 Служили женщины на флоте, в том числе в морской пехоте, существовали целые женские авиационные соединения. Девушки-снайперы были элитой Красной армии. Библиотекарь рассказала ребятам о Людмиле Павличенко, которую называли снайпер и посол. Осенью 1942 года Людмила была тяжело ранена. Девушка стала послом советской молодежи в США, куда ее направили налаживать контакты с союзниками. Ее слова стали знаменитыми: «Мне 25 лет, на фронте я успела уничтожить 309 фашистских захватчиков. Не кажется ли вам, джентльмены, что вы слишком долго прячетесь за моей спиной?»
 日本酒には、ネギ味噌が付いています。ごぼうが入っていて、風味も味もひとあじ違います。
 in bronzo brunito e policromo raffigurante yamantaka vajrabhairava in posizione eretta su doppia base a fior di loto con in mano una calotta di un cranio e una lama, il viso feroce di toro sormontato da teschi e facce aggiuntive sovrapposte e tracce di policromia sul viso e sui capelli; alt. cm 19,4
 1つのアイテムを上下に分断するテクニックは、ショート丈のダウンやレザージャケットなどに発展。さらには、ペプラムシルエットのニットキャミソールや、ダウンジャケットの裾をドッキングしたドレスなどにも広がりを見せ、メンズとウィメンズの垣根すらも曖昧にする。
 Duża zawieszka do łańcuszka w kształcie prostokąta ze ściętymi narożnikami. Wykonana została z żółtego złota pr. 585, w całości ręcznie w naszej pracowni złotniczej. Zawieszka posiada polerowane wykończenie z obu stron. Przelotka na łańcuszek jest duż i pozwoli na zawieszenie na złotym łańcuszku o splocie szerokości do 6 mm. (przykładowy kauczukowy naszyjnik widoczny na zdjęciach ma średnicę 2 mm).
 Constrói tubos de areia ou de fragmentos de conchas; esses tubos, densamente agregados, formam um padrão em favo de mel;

****************

__Exercise goal__
Nothing beyond the line containing "日本酒には、ネギ味噌が付いて" is to be output; the lines above, from the first one onward to that line, are to be transcribed exactly.

__Answer below__
 Служили женщины на флоте, в том числе в морской пехоте, существовали целые женские авиационные соединения. Девушки-снайперы были элитой Красной армии. Библиотекарь рассказала ребятам о Людмиле Павличенко, которую называли снайпер и посол. Осенью 1942 года Людмила была тяжело ранена. Девушка стала послом советской молодежи в США, куда ее направили налаживать контакты с союзниками. Ее слова стали знаменитыми: «Мне 25 лет, на фронте я успела уничтожить 309 фашистских захватчиков. Не кажется ли вам, джентльмены, что вы слишком долго прячетесь за моей спиной?»
 日本酒には、ネギ味噌が付いています。ごぼうが入っていて、風味も味もひとあじ違います。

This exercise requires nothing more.